Imagine his journey to some shadowy region of the Dream, to bring back a nightmare. [2]

Perhaps at first those brash young Norsemen laughed in the faces of the Dorset traders when they demanded something more for their goods.  Perhaps they spat at their feet, took their goods by force, killed those who objected.

At first.

But then the nightmare came, perhaps entering the first of them like a miasma.  Perhaps it waited, hunger growing.  Until at last, on some dark night, the young man’s eyes went blank and he turned on his neighbour with a snarl – teeth snapping and claws grabbing, until his beard was wet and red, the hunger subsided, and mortal consciousness returned.

He fled of course, terrified of the price his victim’s family might exact, but not before the thing had stepped across the chasm and into another of the band.

And so it continued: gruesome death after gruesome death.  Madness in the barrow-lands of the frozen North, until at last there remained only one.

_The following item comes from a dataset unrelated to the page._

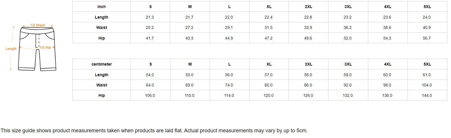 | centimeter | S | M | L | XL | 2XL | 3XL | 4XL | 5XL |

The nightmare could not be sent back, not now that it had entered the world.  But the Dorset Angaqok could trap the thing and seal it up: his fellows hunted the last remaining Norseman like a beast, and like a beast he fled across the tundra, howling.

But they caught him, and killed him, and with great ceremony they sealed him – and the nightmare beast – into a cairn of stones.

Time passed, and the Dorset people changed, moved: no longer the brave arctic travellers, they settled into more comfortable lives as the Algonquin of the pine forests of the South and East.  And the secret of the wendigo left the tundra with them.

In time, the Inuit came to take their place among the islands of the Arctic.  But they knew nothing of the danger that lurked. 

Until Franklin came, with his men, and eager for the secrets of the North they opened the cairn.

They opened the cairn, and the thing emerged into the world once more.  And they were never heard from again.

Decades later: the ships are found, the dead uncovered.

It’s big news, but what if…

What if it wasn’t just brass and papers they brought back?

What if they brought back something…darker?

And this time without the Arctic wastelands to keep it safe.